A Lethal Beacon for Migrating Birds

The New York Times featured a blog about new research by IoES Associate Adjunct Professor Travis Longcore.

A Lethal Beacon for Migrating BirdsOmega communications tower in North Dakota. Photo credit Michael L. Avery.

On the morning of Sept. 11, 1948, “a good number of dead, dying and exhausted birds” were found at the base of the WBAL radio tower in Baltimore, in what was then viewed as a new and unusual phenomenon. Ever since communication towers began popping up in the United States in the 1940s and 50s, bird bodies have littered the fields below them, especially during migration season.

For the first time, researchers have now quantified this threat to birds in the United States and Canada. In a study published online in the journal PLoS One, they estimate that a whopping 6.8 million are claimed annually by tower collisions.

“Ninety-five percent of birds killed are going to be neo-tropical migrants, and many of them are birds of conservation concern,” said one of the study’s authors, Travis Longcore, the science director of the Urban Wildlands Group and an associate adjunct professor at UCLA's Institute of the Environment and Sustainability.

Neotropical migrants like thrushes and warblers breed in Canada and the United States and winter in places south of the latter’s border. Most of the migrants undertake nocturnal journeys, and that’s where the trouble starts. (Daytime bird window collisions, which occur when a bird does not perceive a glass barrier, is a separate problem and not taken into account in this study.)

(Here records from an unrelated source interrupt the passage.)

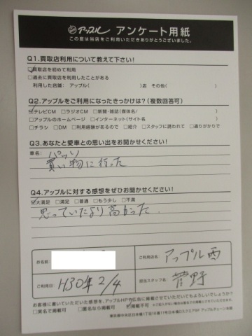 お車のご相談・ 査定だけでもOK! カンタン 入力 30秒 アップルがブランド買取始めました! お電話でも受付中! 受付時間 10:00 ~ 19:00 052-528-5335 お車のご相談・ 査定だけでもOK! カンタン 入力 30秒 アップルがブランド買取始めました! お電話でも受付中! 受付時間 10:00 ~ 19:00 052-528-5335 アップルがブランド買取始めました! お電話でも受付中! 受付時間 10:00 ~ 19:00 052-528-5335 店舗情報 在庫車 スタッフ紹介 ブログ お客様の声 キャンペーン お得 無料査定 click お客様の声 ご記入日: 2018/02/04 匿名様 車名 パッソ思い出 買い物に行った感想 思っていたより高かった。 前へ 次へ お客様の声一覧を見る
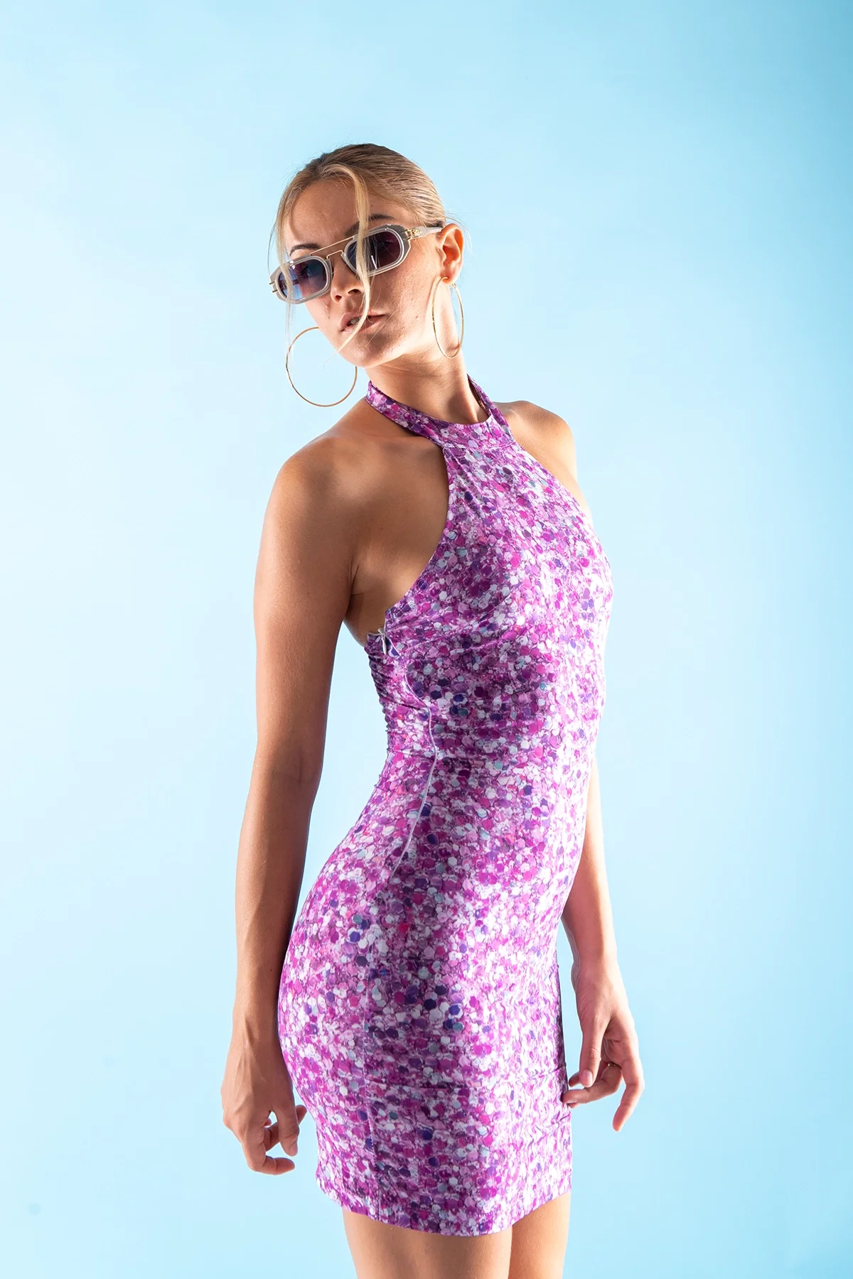 Göz alıcı mor rengiyle dikkat çeken bu mini elbise, zarif taş desenleri ve cesur sırt dekoltesiyle şıklığı yeniden tanımlıyor. Vücuda oturan kesimiyle feminen hatları ön plana çıkarırken, kaliteli kumaşı sayesinde gün boyu konfor sunar. Özel davetlerden gece partilerine kadar her ortamda ışıltınızla fark yaratmanızı sağlar. İnce askı detayı ve mini boyuyla modern ve sofistike bir tarz arayanlar için ideal bir seçim.
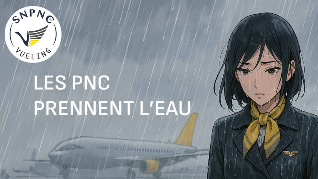 Les PNC prennent l’eau et toujours pas d’imperméable d’uniforme chez Vueling. Depuis des lustres, le SNPNC-FO alerte...
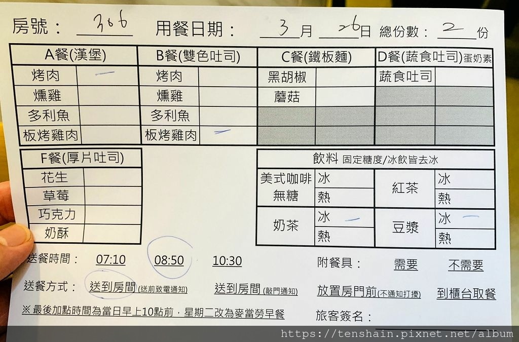 早餐的種類有五種,還可以選擇送餐時間、送餐方式,需不需要附餐具等。有一點要注意的是,為了確保送到您手中的早餐是熱的,所以餐點和送餐時間,決定之後若有變更,記得要在晚上 10 點之前,通知櫃台人員為您修改。

Scientists are not sure why nocturnally migrating birds seem to have trouble navigating around bright light sources. Some researchers hypothesize that they need a certain wavelength of light to sense the earth’s magnetic field, which they use as a compass. Others think bad weather and low cloud cover obscures the stars and may encourage birds to approach artificial light sources. Still others wonder if birds that happen upon bright light sources become entranced by the stimuli and cannot break away from that zone of influence.